| Exercise directions |
I'd like the entries repeated exactly, pictures omitted.

============================================================

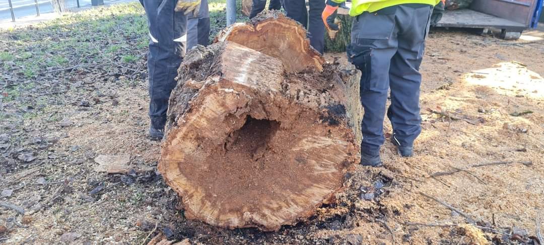 Odborníci v oblasti životného prostredia vyhodnotili tieto topole ako veľmi nebezpečné, vzhľadom k zdravotnému stavu i okoliu, v ktorom sa nachádzali. Pohľad do vnútra spíleného pňa hovorí sám za seba.
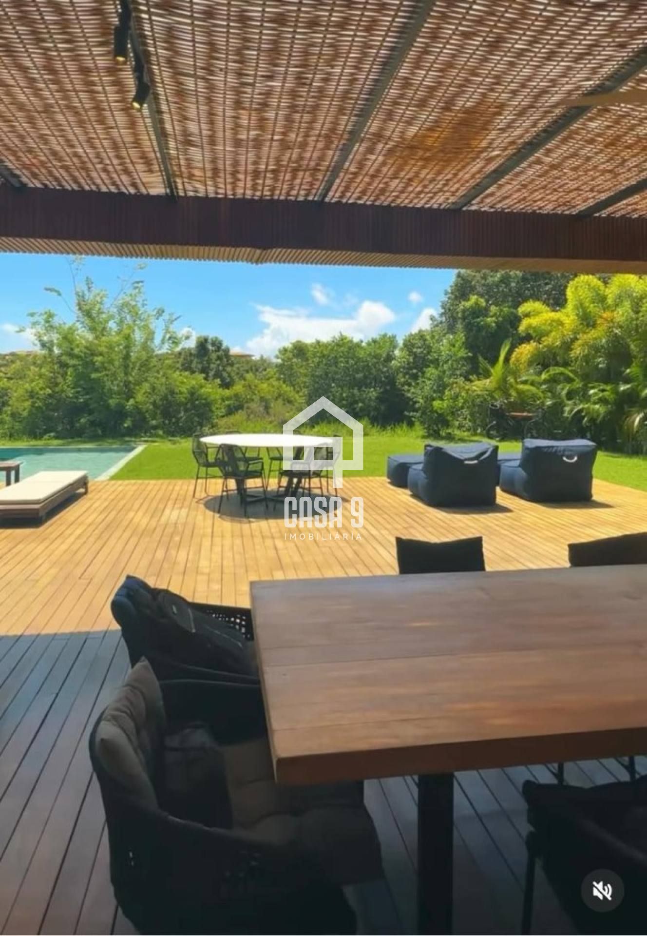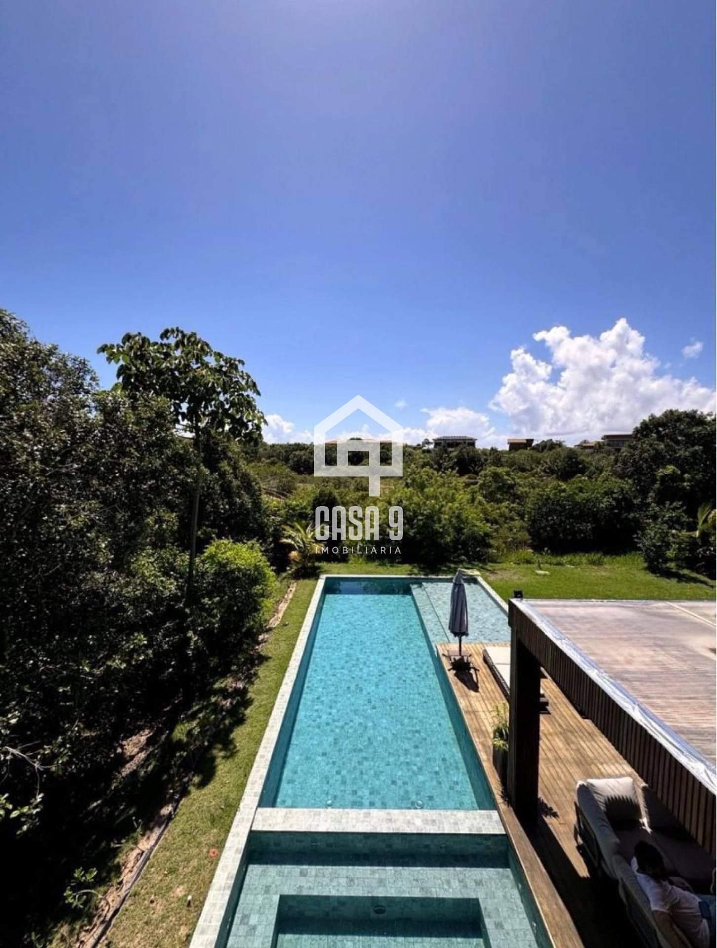 O lazer privativo se destaca como um verdadeiro refúgio: piscina com jacuzzi integrada e um generoso deck de madeira com 120 m², criando o cenário perfeito para relaxar ou receber com sofisticação.
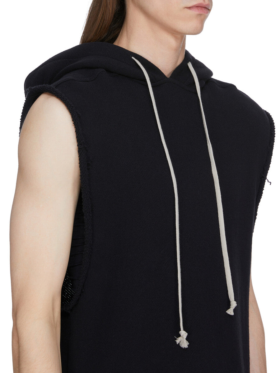THIS SL HOODIE IS HIP LENGTH AND IS SLEEVELESS. IT HAS A BIG DRAWSTRING HOOD AND RAWCUT DEEP ARMHOLES.
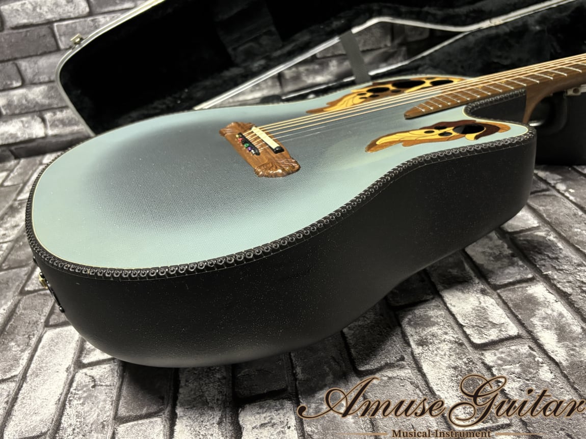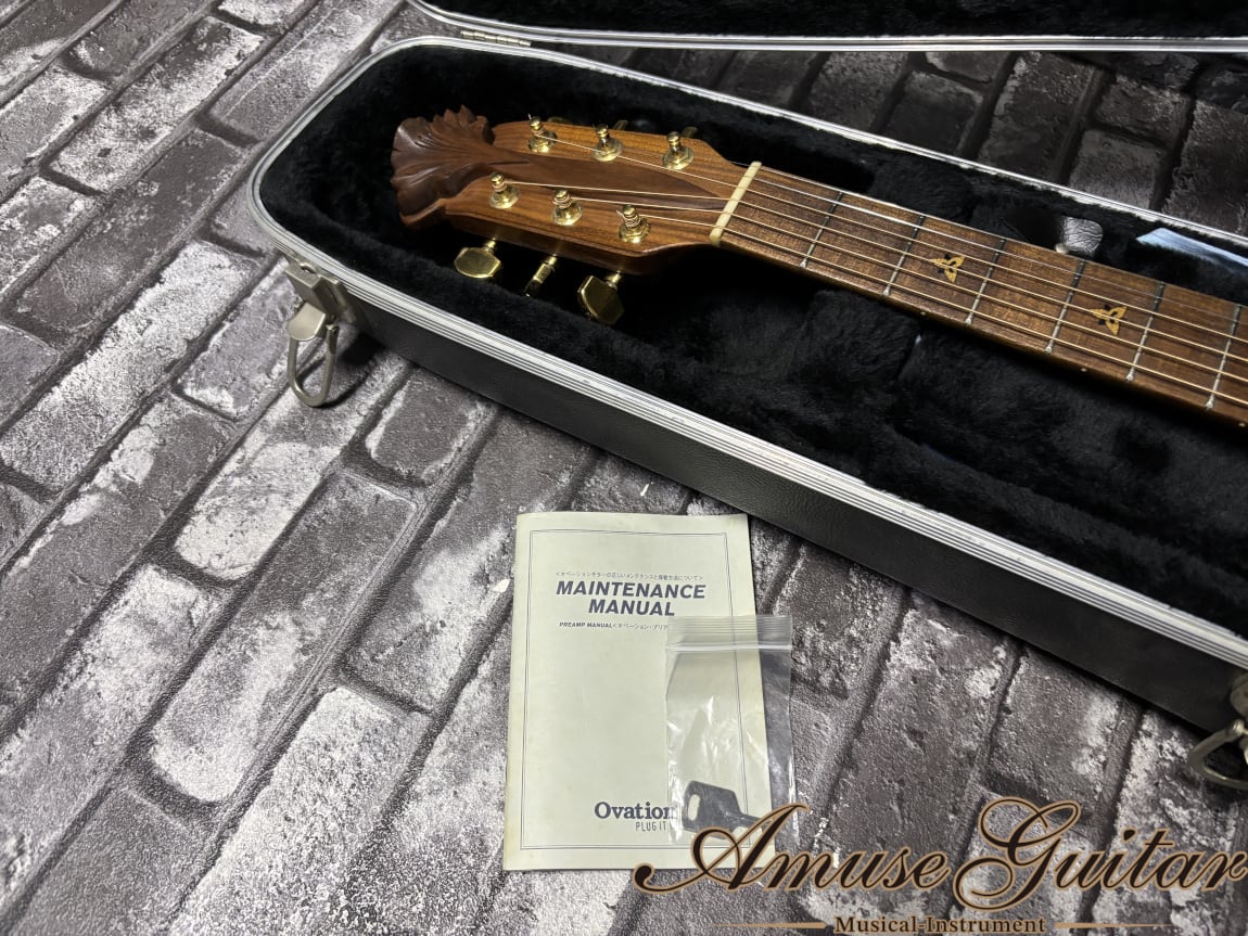 こちらの状態ですが、パーツ類に若干の経年変化やヘッド部の打痕は確認できるものの、全体として大きく目立つダメージは少なく、1995年製という年式を考慮すればかなり良好なコンディションをキープしております。ネックにつきましては、極々僅かな波打ちこそ見受けられますが、ほぼストレートの状態にて、全ポジションでの発音も確認済みでございます。演奏面において大きな問題はございません。トラスロッドにつきましては締め方向・緩め方向ともに非常に硬く、固着と思われる症状が見受けられます。また、プリアンプ部のチューナーにつきましては、この時期の個体にありがちな症状として動作いたしませんが、その他の機能は問題なくご使用可能です。現在サドル下のシムは入っておりません。付属品は新品購入時付属のオベーションマニュアル、オリジナルハードケースとなります。
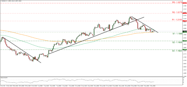 EUR/USD continued to have some bearish tendencies yet finds considerable support at the 1.1990 (S1) support line. For our current bearish outlook to change for a sideways movement bias, we would require the pair to clearly break the downward trendline characterizing the pair’s movement since the 29th of April. Should the market display a selling interest for the pair, we may see EUR/USD breaking the 1.1990 (S1) support line and aim for the 1.1905 (S2) support level. Should buyers have the advantage over the pair’s direction, we may see the pair aiming if not breaking the 1.2100 (R1) resistance line.
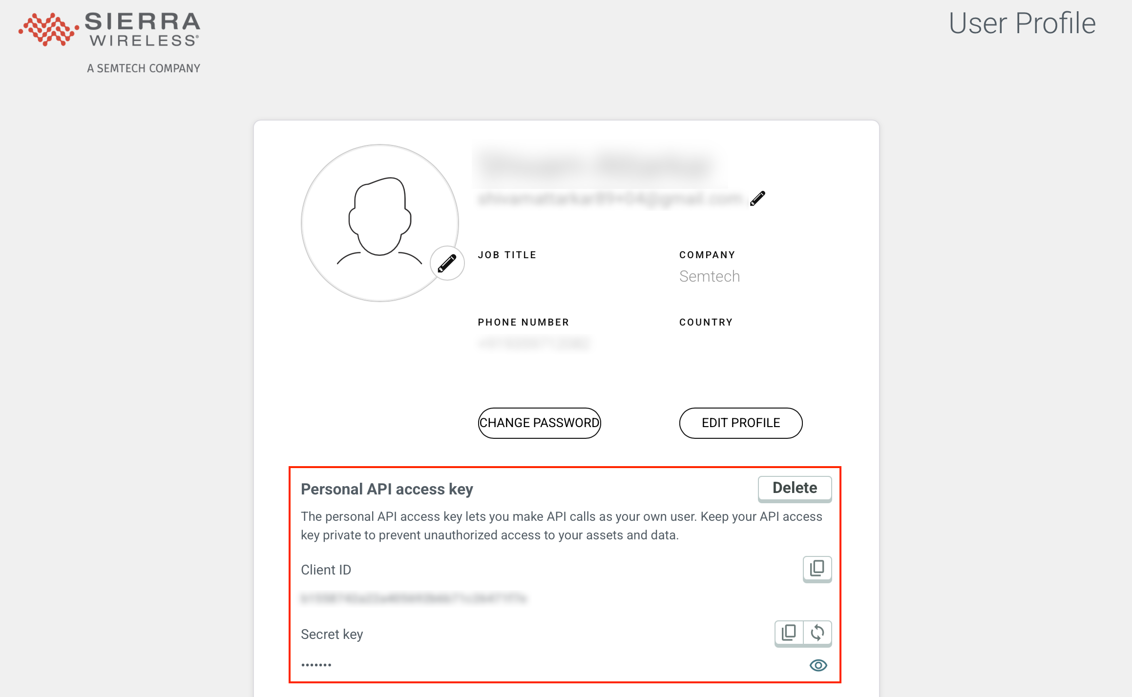 In the Personal API access key section, click Delete. A prompt will be displayed to confirm whether you want to delete the personal API access key.

============================================================

| Solution to this task |
 Odborníci v oblasti životného prostredia vyhodnotili tieto topole ako veľmi nebezpečné, vzhľadom k zdravotnému stavu i okoliu, v ktorom sa nachádzali. Pohľad do vnútra spíleného pňa hovorí sám za seba.
 O lazer privativo se destaca como um verdadeiro refúgio: piscina com jacuzzi integrada e um generoso deck de madeira com 120 m², criando o cenário perfeito para relaxar ou receber com sofisticação.
THIS SL HOODIE IS HIP LENGTH AND IS SLEEVELESS. IT HAS A BIG DRAWSTRING HOOD AND RAWCUT DEEP ARMHOLES.
 こちらの状態ですが、パーツ類に若干の経年変化やヘッド部の打痕は確認できるものの、全体として大きく目立つダメージは少なく、1995年製という年式を考慮すればかなり良好なコンディションをキープしております。ネックにつきましては、極々僅かな波打ちこそ見受けられますが、ほぼストレートの状態にて、全ポジションでの発音も確認済みでございます。演奏面において大きな問題はございません。トラスロッドにつきましては締め方向・緩め方向ともに非常に硬く、固着と思われる症状が見受けられます。また、プリアンプ部のチューナーにつきましては、この時期の個体にありがちな症状として動作いたしませんが、その他の機能は問題なくご使用可能です。現在サドル下のシムは入っておりません。付属品は新品購入時付属のオベーションマニュアル、オリジナルハードケースとなります。
 EUR/USD continued to have some bearish tendencies yet finds considerable support at the 1.1990 (S1) support line. For our current bearish outlook to change for a sideways movement bias, we would require the pair to clearly break the downward trendline characterizing the pair’s movement since the 29th of April. Should the market display a selling interest for the pair, we may see EUR/USD breaking the 1.1990 (S1) support line and aim for the 1.1905 (S2) support level. Should buyers have the advantage over the pair’s direction, we may see the pair aiming if not breaking the 1.2100 (R1) resistance line.
 In the Personal API access key section, click Delete. A prompt will be displayed to confirm whether you want to delete the personal API access key.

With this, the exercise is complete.